Free Calorie Counter, Diet & Exercise Journal | MyFitnessPal.com

Just go and sign up and log your food. Honestly. Do it. It's not that difficult. Eat what you want, but stay in your calories.


----------



## LovesHerMan (Jul 28, 2011)

Have you discussed ways that you can reduce expenses? Brainstorm ideas with him.

Night shifts are tough. Any chance he can change shifts or get a new job? Until then, see if you can text during his dinner break; find ways to lovingly communicate with him at work.

Do not reject his attempts to make you feel better. You are both a team and must support each other. Concentrate on his good qualities.

I like that he used to make you laugh. A sense of humor is so important in facing life's problems.

Keep trying to find ways to connect with him. A good marriage has its ups and downs. You two can tackle this together.


----------



## LemonLime (Mar 20, 2012)

that_girl said:


> There you go. You don't like how you look and don't think you're good enough so you're looking for issues to pick at to sabotage your marriage.
> 
> Free Calorie Counter, Diet & Exercise Journal | MyFitnessPal.com
> 
> Just go and sign up and log your food. Honestly. Do it. It's not that difficult. Eat what you want, but stay in your calories.


I already do, burned 299 calories today already  Thanks


----------



## that_girl (Jul 6, 2011)

Find me! I'm the same name


----------



## LemonLime (Mar 20, 2012)

Thanks for the advice so far!


----------



## that_girl (Jul 6, 2011)

Do you guys ever go out like a couple?

Do you ever go out just to chill? Get a coffee...window shop...whatever? I do that sometimes. Alone. A couple hours of alone time can really help.


----------



## LemonLime (Mar 20, 2012)

We do when we can, when funds allow. It is nice that it is nice out now and we can go for a long walk outside.


----------



## that_girl (Jul 6, 2011)

Even just going to walk together, like you said, can help reconnect.

Or a drive (if you have a car). WITHOUT a kiddo. 

I'm big on time away from the kids. You were a couple before your bundle of joy and you need to keep nurturing your coupledom.


----------



## LemonLime (Mar 20, 2012)

There is one thing that REALLY bothers me that I have a hard time accepting. He has a hairy back. It makes for awkward showers, I cant even look when he turns around. We have done some hair removal with cutters and nair etc but ACK, it just keeps coming back lol

I know it has always been there and I knew when I committed to him. Im a ****.


----------



## that_girl (Jul 6, 2011)

LOL That would bother me too.

Have you asked him to keep it clean? Get it waxed and you'll buy him ice cream? lol. 

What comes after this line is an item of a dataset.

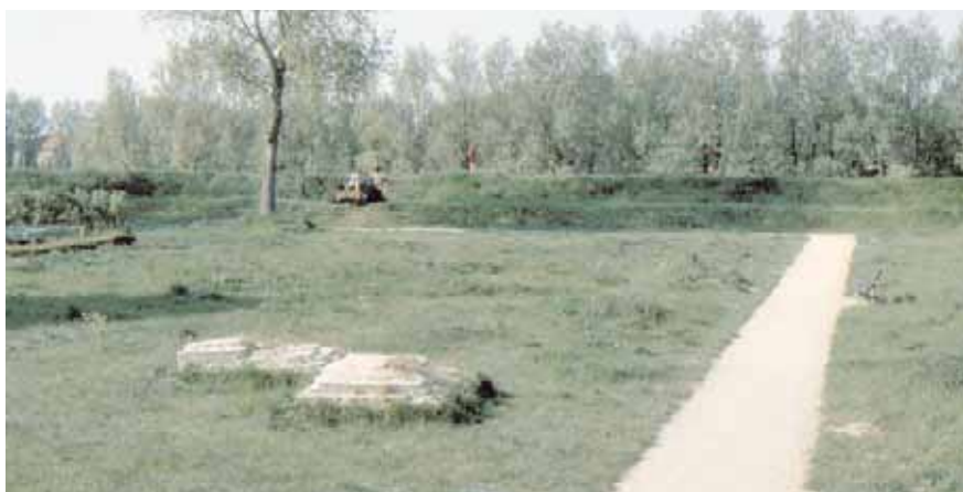
De voetstenen of teerlingen van de oorspronkelijke standerdmolen, gevonden bij de restauratie van de wallen in 1973.

de vier teerlingen of voetstenen te zijn waarop in de 17e eeuw de houten standerdmolen had gestaan. Deze ontdekking was de aanleiding voor het smeden van plannen om de oude standerdmolen (of standaardmolen, zoals ze ook genoemd worden) in ere te herstellen.

I can see that being.....awkward and unattractive. I'm not attractive to hairy men. You married him though, so...have you talked to him about this? is he hygienic and trim other places?


----------



## LemonLime (Mar 20, 2012)

He knows about it yes, and yes, he keeps other places trim, except he is lazy about his beard but i dont care about it but he doesnt get kisses as much when its a week old.


----------



## 2nd_t!me iz_best (Feb 28, 2011)

that_girl said:


> I'm not attractive to hairy men.


only bald men are attracted to you?
i bet some hairy men think youre attractive.


----------



## savie1979 (Mar 3, 2012)

what a crack up ive been down lately and that made me laugh .. so much with the ball situation.. and that you dont want your child to see this .. its funny .. 

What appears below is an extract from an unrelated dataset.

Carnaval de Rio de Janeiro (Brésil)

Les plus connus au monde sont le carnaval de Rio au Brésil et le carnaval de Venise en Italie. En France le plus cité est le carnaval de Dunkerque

i know to u not at all but could be worse.

i get like that with my h he irratates me so much he thinks he knows everything especially when friends are around . we have little picks at each other cause of it. he shows off and is so stubborn

im not much help but just letting u know that this happens


----------



## endlessgrief (Feb 19, 2012)

I never had a baby so I cannot relate, but you may be just sleep deprived. Does he help you a lot with the baby or clean the house, cook dinner? Your whole life has changed and you are trying to get used to it. You went from being an individual to a mother overnight and being a mother is the hardest job there is. 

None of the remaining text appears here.